[Start of Attachment]

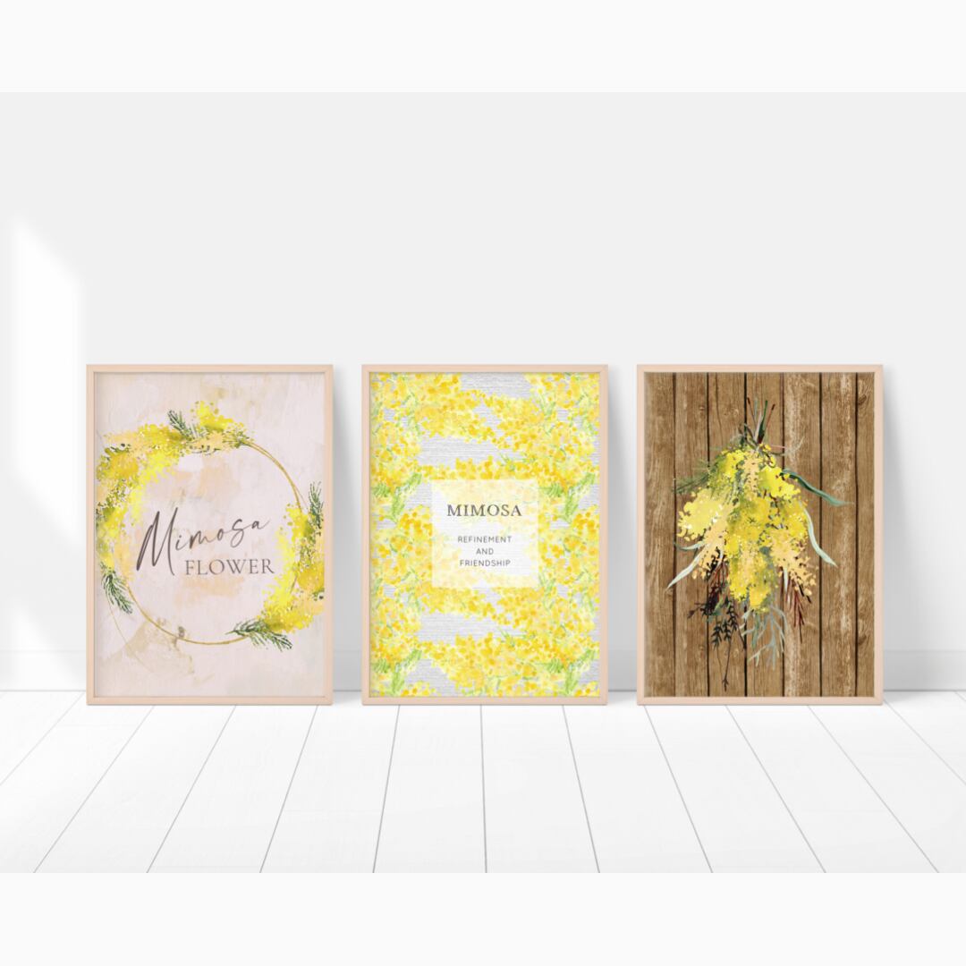 ミモザをモチーフにして、リースやスワッグなど、さまざまなタイプのポスターを作ってみました。
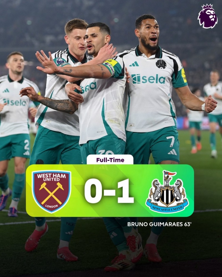 吉馬良斯制勝勝紐卡客場(chǎng)1-0擊敗西漢姆聯(lián),喜鵲積分已追平曼城
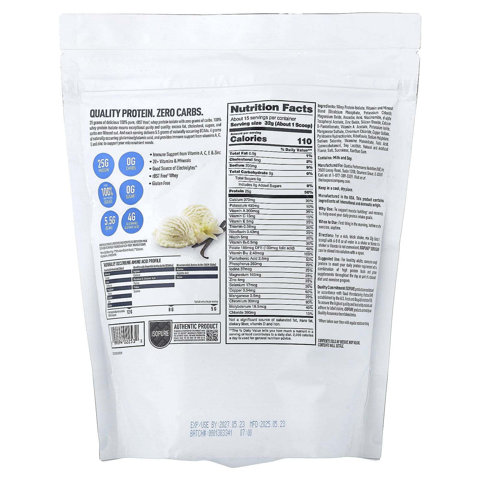 25 г восхитительного 100% чистого изолята сывороточного протеина без р-БСТ† и ноля углеводов. 100% изолят сывороточного протеина означает исключительную чистоту и качество: отфильтровываются излишки жира, холестерина, сахара и углеводов. Каждая порция содержит 5,5 грамма BCAA природного происхождения, 4 грамма глутамина и глутаминовой кислоты природного происхождения и обеспечивает поддержку иммунной системы с помощью витаминов A, C, E и цинка, чтобы удовлетворить потребности в микроэлементах.
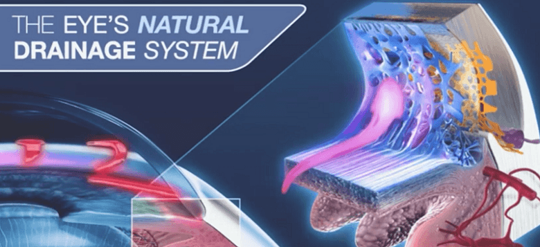 The fluid then drains through the trabecular meshwork, which creates a 360-degree band or drain around the angle of the eye. When the trabecular meshwork is not functioning correctly, the fluid cannot drain, causing the pressure in the eye to increase—a common symptom of the various types of glaucoma.
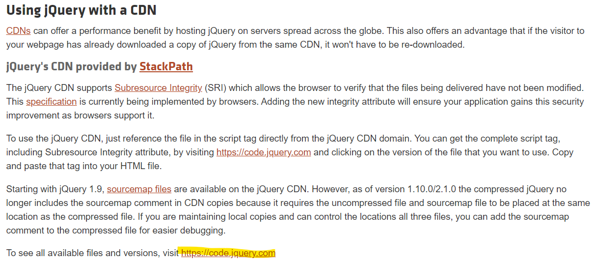 이후 페이지를 조금 내려서 Using jQuery with CDN를 찾아 형광색으로 체크한 링크로 들어가거나밑에 링크로 들어간다.
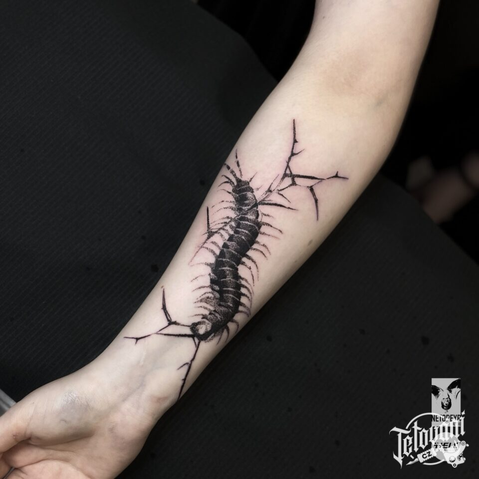 Tetování symbol, stonožka, zvíře na předloktí
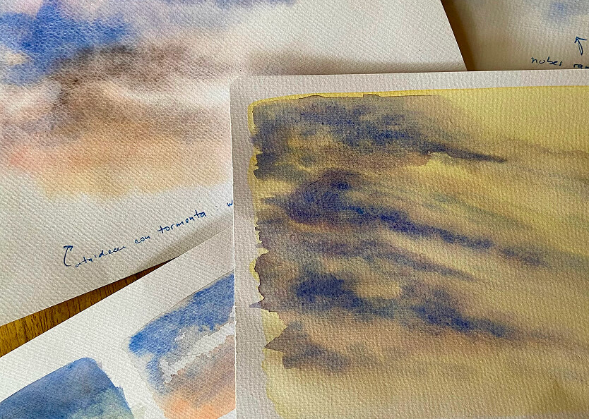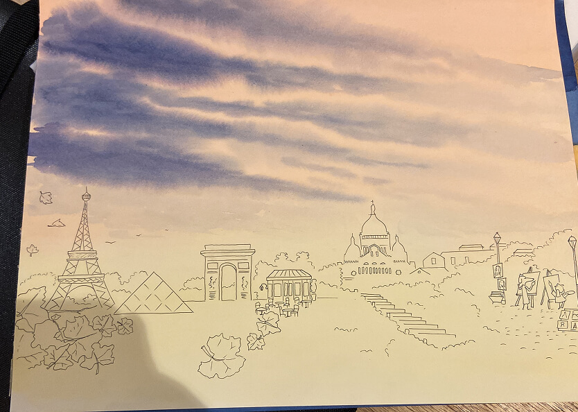 To convey that transition, I practiced painting expressive clouds that balance beauty and tension, experimenting with purples, ambers, and soft yellows to find the right emotional temperature. Together, the two images trace the story’s full arc, from arrival to farewell, from fear to confidence.
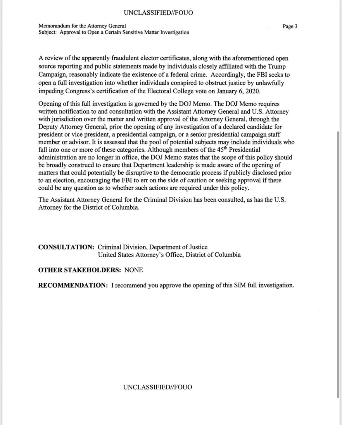 The FBI’s Washington Field Office requested the senior officials’ authorization before looking into “an apparent effort to obstruct Congress’ certification of the Electoral College” and “fraudulent certificates of electors’ votes were submitted to the Archivist of the United States, purporting to represent the actual elector votes from the states of Arizona, Georgia, Michigan, Nevada, and Wisconsin,” the files show.
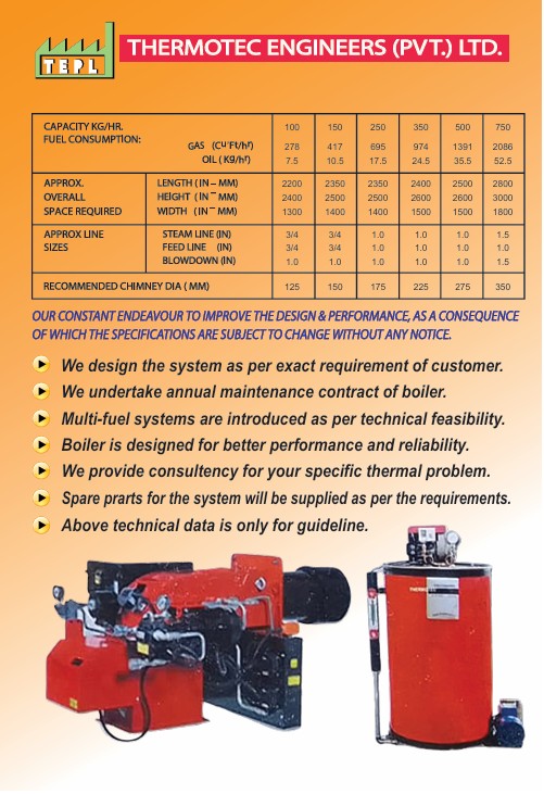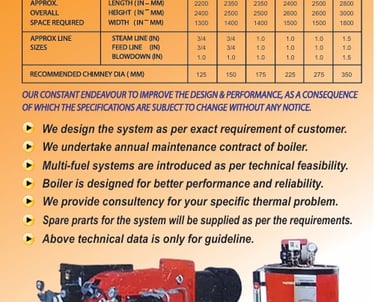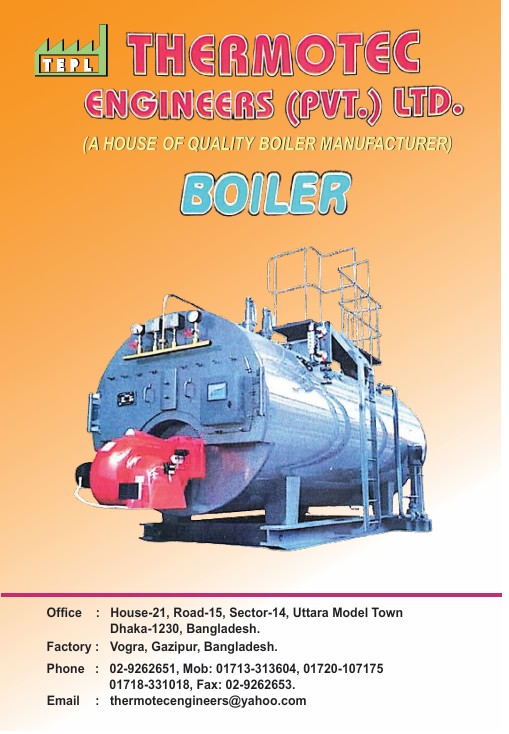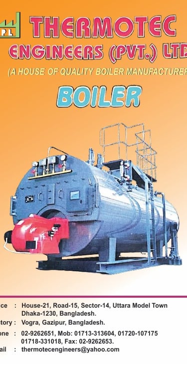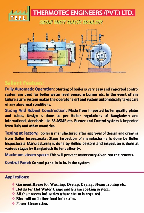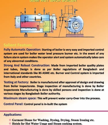 Strong And Robust Construction: Made from imported boiler quality plates and tubes, Design is done as per Boiler regulations of Bangladesh and international standards like BS ASME etc. Burner and Control system is imported from Italy and other countries.

[End of Attachment]

_PROBLEM_
In the records above, find the line that contains "To convey that". Retype it and every line after it, exactly, leaving out all pictures.

_RESULT OF THE EXERCISE_
 To convey that transition, I practiced painting expressive clouds that balance beauty and tension, experimenting with purples, ambers, and soft yellows to find the right emotional temperature. Together, the two images trace the story’s full arc, from arrival to farewell, from fear to confidence.
 The FBI’s Washington Field Office requested the senior officials’ authorization before looking into “an apparent effort to obstruct Congress’ certification of the Electoral College” and “fraudulent certificates of electors’ votes were submitted to the Archivist of the United States, purporting to represent the actual elector votes from the states of Arizona, Georgia, Michigan, Nevada, and Wisconsin,” the files show.
 Strong And Robust Construction: Made from imported boiler quality plates and tubes, Design is done as per Boiler regulations of Bangladesh and international standards like BS ASME etc. Burner and Control system is imported from Italy and other countries.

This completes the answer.